With properties being charged at 2008 values up to 2017 and restrictions on how quickly the rates can fall when those values are reduced, arising from transitional reliefs, it is fair to say that business rates remain contentious.
While the media has focused on the high street, the issue is also live for the industrial and warehouse sector. When buildings are as big as now needed, and in prime logistical sites, their value can lead to hefty bills.
In the news
The most recent Queen’s speech promised to bring forwards changes to business rates, following election pledges made by Boris Johnson. The Budget, due on 11 March this year should provide some clarity as to what is proposed, or possibly just a further consultation.
The role of business rates
Business rates are superficially a local tax to provide local services. They are partly retained by the collecting authority and partly passed on to central government who then tops up or charges local authorities according to political and economic criteria. While there is an argument for a local tax to provide local government with greater accountability, it is far from clear that this is what business rates achieve.
In practice, rates are now a key part of business taxation. This is partly due to the high collection rate and the limited scope for avoidance.

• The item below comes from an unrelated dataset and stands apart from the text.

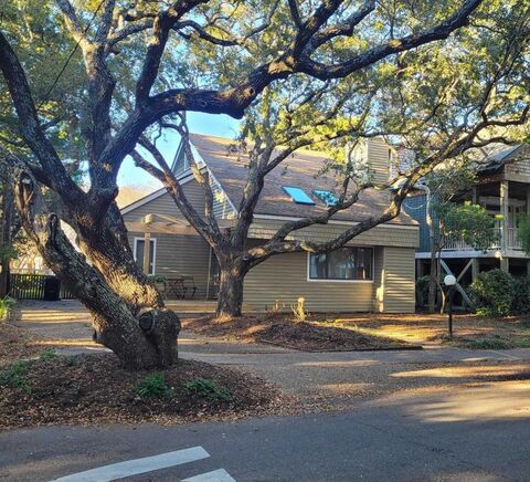 Very well-maintained bungalow on South harbor Island and perfectly positioned on the abundantly quaint and charming Live Oak Drive. The home offers picture perfect curb appeal, framed by mature live oak trees that lead to an inviting rocking chair front porch. Upon entering the home, the main room is filled with light and tall ceilings in a large open room and wood burning fireplace. The kitchen is in the back of the home offering plenty of room for entertaining with large counter tops, tongue and groove vaulted ceilings and easy access to the screened porch and private back yard. The laundry room is off the kitchen that is a large and functional workspace for a home of this square footage. The stairs to the primary bedroom are off of the kitchen for the utmost privacy. There is a walk in closet, a large primary bathroom and a private deck for enjoying coffee and cocktails. There are two zones, for HVAC, one system is 2 years old and another is 2025. The siding is cedar, the windows ar

Business rates in 2018-2019 brought in £31 billion making them a substantial chunk of the UK government’s income from businesses. Since 1990 business rates receipts have risen from £8.8 billion, with a total rise of 210%; growth in line with inflation (calculated by the House of Commons Treasury Committee) would have been 75%. Despite allowing for a 19% increase in taxable property, this appears to be disproportionate.
In the same period corporation tax has fallen from 34% to 19%; it appears shifting the tax burden to rates is deliberate.
The problem
Business rates are charged on crude property values (basically the rental value at a set date multiplied by a figure dictated by central government), not on income, turnover, or any measure of financial success. In an economic downturn, rates do not fall in line with the economy. Until 2017, rates were calculated based on 2008 figures; it would be fair to say that the property market has changed during that time.
The next re-valuation is due to take effect on 1 April 2021, reflecting rental values at 1 April 2019. As before, it is likely that the market will have shown some fluctuation between each date. There is of course no guarantee this re-valuation will take effect.
In addition, transitional relief provisions delay any substantial changes reaching the payer. This is great for the tax payer when rates rise, but not so helpful when they are falling.
Effect on the market
Since business rates generally bite the occupier rather than the owner of the property, the issue for owners is what to do with vacant properties?
Unless the property is unfit for beneficial occupation the business rates will fall due. Moreover, occupation to undertake works in order to allow full occupation for a different function does not relieve the position. Rates are due irrespective of trading.